Karina jogged up behind them as they walked. ‘Nice work back there. You want to tell me what you’re going to do if this wraith thing of yours turns up and kills that lawyer?’
‘We haven’t figured that part out yet,’ Ethan admitted.
‘Well, you might want to start thinking about it,’ she said, ‘because, sooner or later, Donovan is going to realize what’s happening here and, if he thinks you guys are crazies, he’ll have justification for claiming back jurisdiction of the case. Just sayin’.’
Ethan looked at Lopez.
‘Yeah,’ she said, ‘or he sees what we saw. Then he’ll want us here.’
Jarvis stopped them both.
‘Look, before we go see Eric Muir, why don’t we take this to the people that we know for sure are involved?’
‘Earl and Gladstone?’ Lopez asked. ‘I doubt we can do that without further compromising the case. If that lawyer is crooked and we lean on his clients, he’ll use it against us in any trial and, besides, we already know that they’re not talking. Identifying Hicks and Reece probably won’t be enough to get them to sing for us.’

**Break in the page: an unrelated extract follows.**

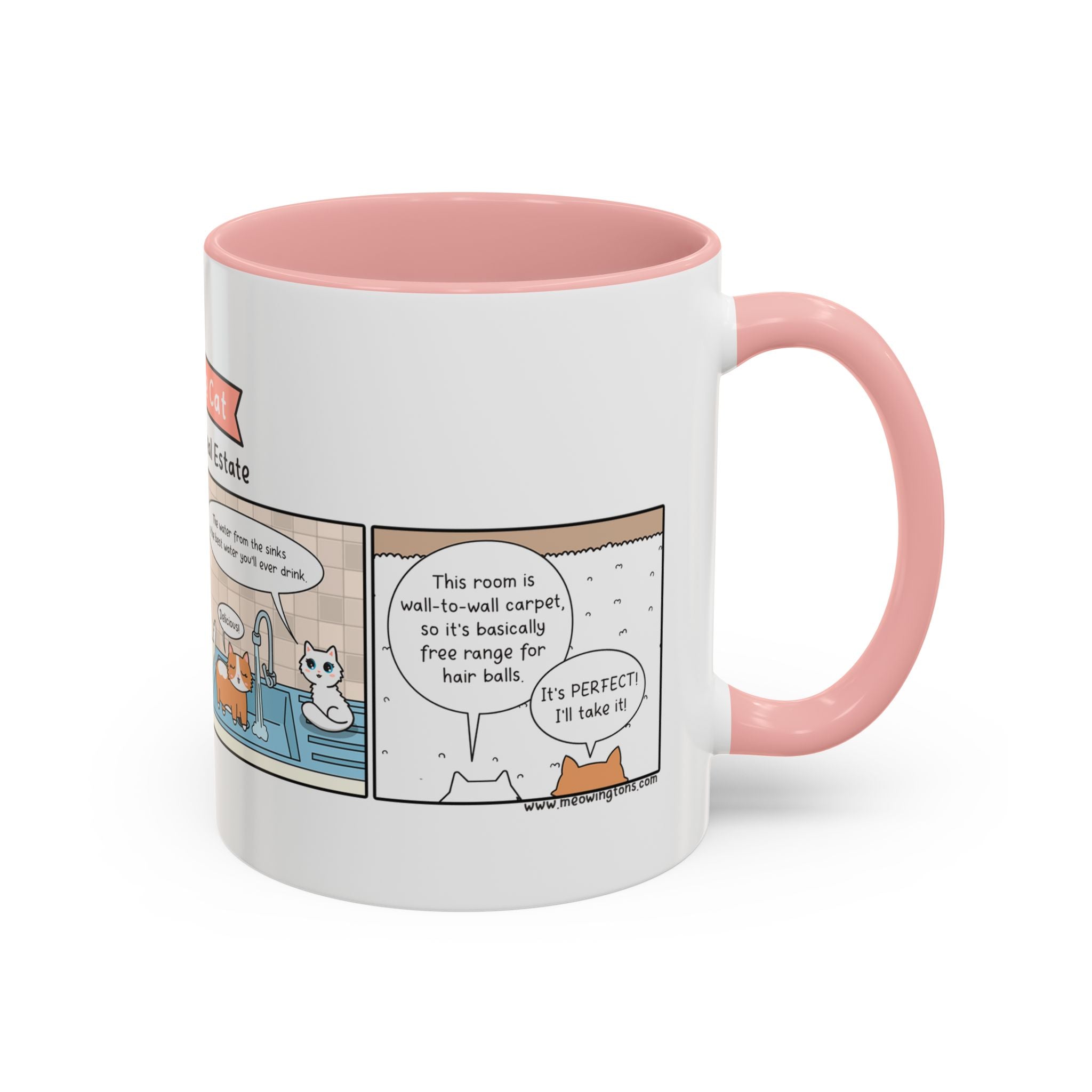 The If Cats Sold Real Estate Comic Coffee Mug is available in the following options: 11oz / Navy, 11oz / Pink, 11oz / Light Blue. Check the product page for current stock availability.

‘This is DIA business, nothing to do with the police department, so we keep it quiet,’ Jarvis replied. ‘Why don’t you pay them a visit and tell them straight that one by one their colleagues are being picked off by a crazed serial killer? Show them a few photographs of what’s left of Hicks and Reece? Maybe that, along with the fact that the money all went into the East River, will be enough to tip them over the edge and finger whoever is actually behind all of this.’